Here in this country, fly tying vises were a huge silly cost, once long ago.
As were the tools, therefore we made do,

I converted a 4 jaw Pin vise, taped the hollow rear end.
Found a section of 1/4inch rod, threaded both ends,
added a 1/4" steel plate to the bottom of the new 1/4’ shank.

Bobbin holder.what was that ?

Well that was back in the mid to early 60’s.

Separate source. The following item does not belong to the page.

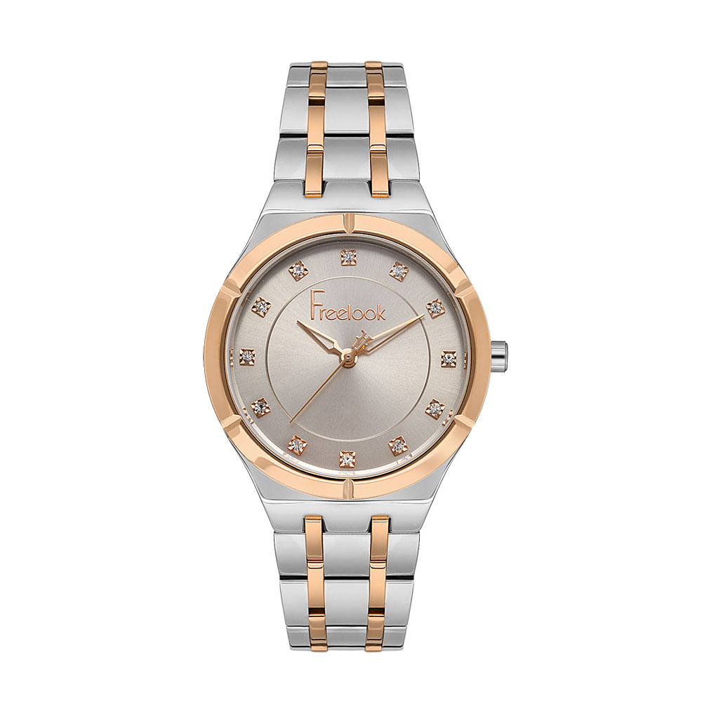 Colectia Jolie de la Freelook este conceputa pentru a captura esenta elegantei discrete a Parisului. Cu un cadran argintiu impecabil si decorat cu cristale stralucitoare, acest ceas este definitia luxului accesibil. Carcasa din alama si bratara din otel inoxidabil subliniaza durabilitatea si finetea designului.

And now today, its easy with these Rotary vise things.wow !
and something to hold the thread, almost impossible…
once I would have thought.

Kindest regards,
UB
ps : as you only live once,( as far as I know ), then be nice to everybody as it costs nothing to be nice.

Hi Again TyroneFly,

Universal Vise was one of the major suppliers of fly-tying materials and equipment in the 1950’s and early 1960’s, at least in the New England area. I grew up in Windham/ Willimantic, CT and regularly spent my $2.00/week allowance at Nassif Arms, a local sporting goods company that carried a pretty good assortment of fly-tying materials all displayed on peg-board hooks. Much of this material was packaged by the Universal Vise Company. I also inherited a primitive (compared to Rezzetti) rotating Universal Vise from my grandfather. I still have some cards of tinsel, chenille and wool from Universal that were 10 cents each and small packets of saddle hackle for 29 cents each. 8T :slight_smile:

lol, I lived in westfield mass for a couple of years before I came to MT. My first vise was an HMH Spartan. Tools all Dr. Slicks. I just started :wink:

I’m with Mr JML, Doug, fontinalis and beaver on this topic - a Thompson A and a needle stuck in a dowel for a bodkin, both of which I still use 37 years later. I did upgrade to a PEAK about five years ago but still use the C clamp from the Thompson when I want to travel lightly (that base is a chunk o’ metal, eh?).
And kudos to William F and Lee Wolff to get me to try to tie without a vise a few years back. Who woulda thunk it that these ten thumbs I have could do that! (No 28s yet though! :D))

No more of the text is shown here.